The quote that the views of patient/consumer groups are ignored or usurped is troubling. They must be empowered, enabled, and supported to have a meaningful say and influence. This can be done, but it’s not easy.
“we would be much further ahead [if] patients and caregivers alike actually communicating in honest and open ways - how simple and yet how out of reach.” I agree! Unfortunately, wisdom such as this has not been a priority in today’s society. Power, control, fear, ignorance, self-deception, and ego, and other such things make if difficult to bring about profound change. The antidote includes courage, persistence, knowledge & understanding, community, and group influence.
 Midwest Business Group on Health, with Juran Institute and Severyn Group. (April 2003). Reducing the Costs of Poor-Quality Health Care through Responsible Purchasing Leadership. Available at http://www.mbgh.org/templates/UserFiles/Documents/CostofPoorQualityReport.pdf
 NCQA (2004). NCQA Report Finds Major Gains In Health Care Quality, But Only For 1/4th of The System. Available at http://www.ncqa.org/Communications/News/sohc2004.htm
I am not a doctor or health care professional. I am an IT engineer working in Davao, Philippines. I recently had to go to the doctor here, and I fully expected something like we have in the states or worse. What I got was an education!!! When we arrived at the clinic it was very nice, clean, and the staff there was polite and helpful.
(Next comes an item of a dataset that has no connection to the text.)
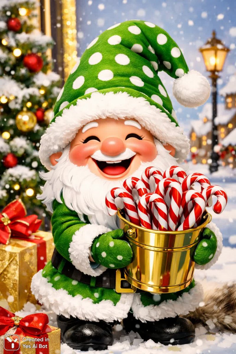 sora Веселый гном с леденцами и праздничным настроением зимой. Генерация из нейронной сети Sora Image
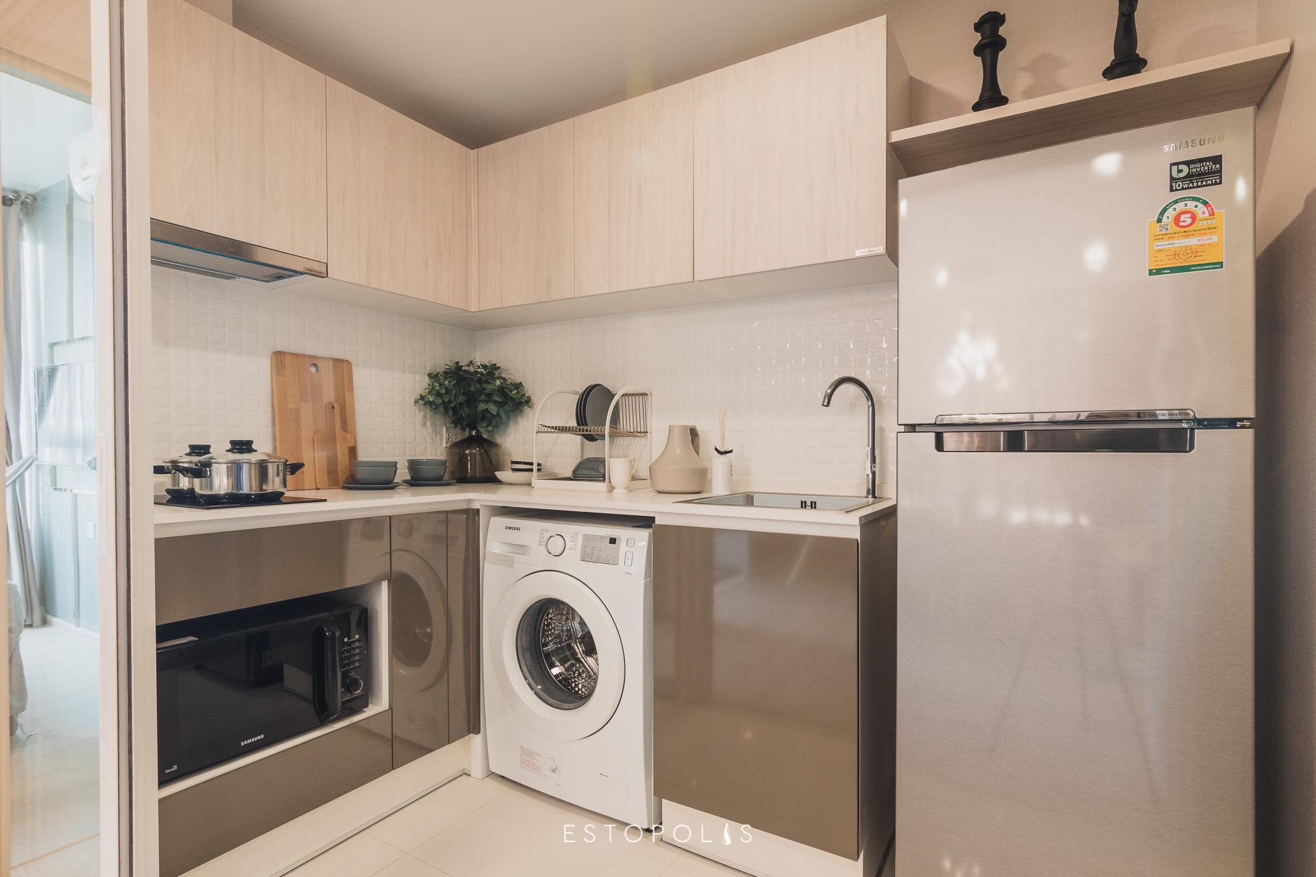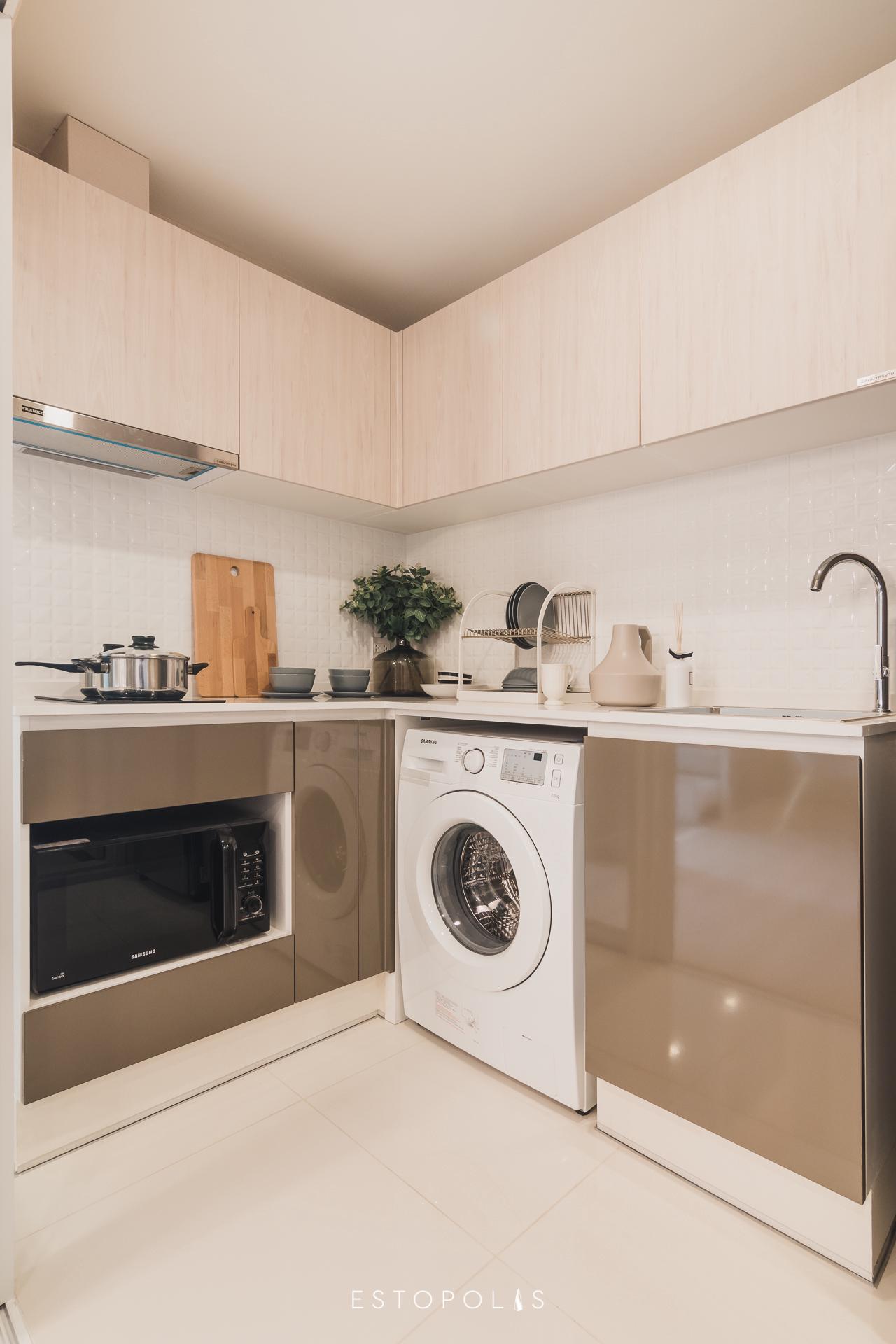 เผื่อเวลาเพียงเล็กน้อยมาทำอาหารด้วยกัน ก็ดูเป็นกิจกรรมที่สร้างความสุขได้ไม่ยาก ในห้องขนาด 40.80 ตร.ม. เพราะครัวที่โครงการ The Tree สุขุมวิท 64 ให้มานั้น เหมาะสำหรับเหล่าพ่อครัว-แม่บ้านประจำคอนโด มีการบิลท์อิน (Built in) ชุดครัวชุดใหญ่สามารถยืนทำไปพร้อมๆ กันได้

The process was almost painless. I simply selected a doctor from a list, went to her office, filled out a health history form, and in 10 minutes was being examined by the doctor. I was not asked for insurance, or even if I had money.
The doctor like the staff was also polite, thorough, and not in a hurry. They took good care of me and seemed interested in my health. When it was all over the doctor gave me a discount card (50% off) all prescriptions. I was only charged 250 pesos’. This is an amount 90% here can afford. If a so called 3rd world country can achieve this why can’t the USA with its entire wealth do something similar?
Yes, Will...It does make one wonder! It might reflect a difference in cultural mind-set with many in the USA focused on "fierce independence" and all that matters is having more for "me & mine" versus "we're all in this together" and "care for your neighbor in need."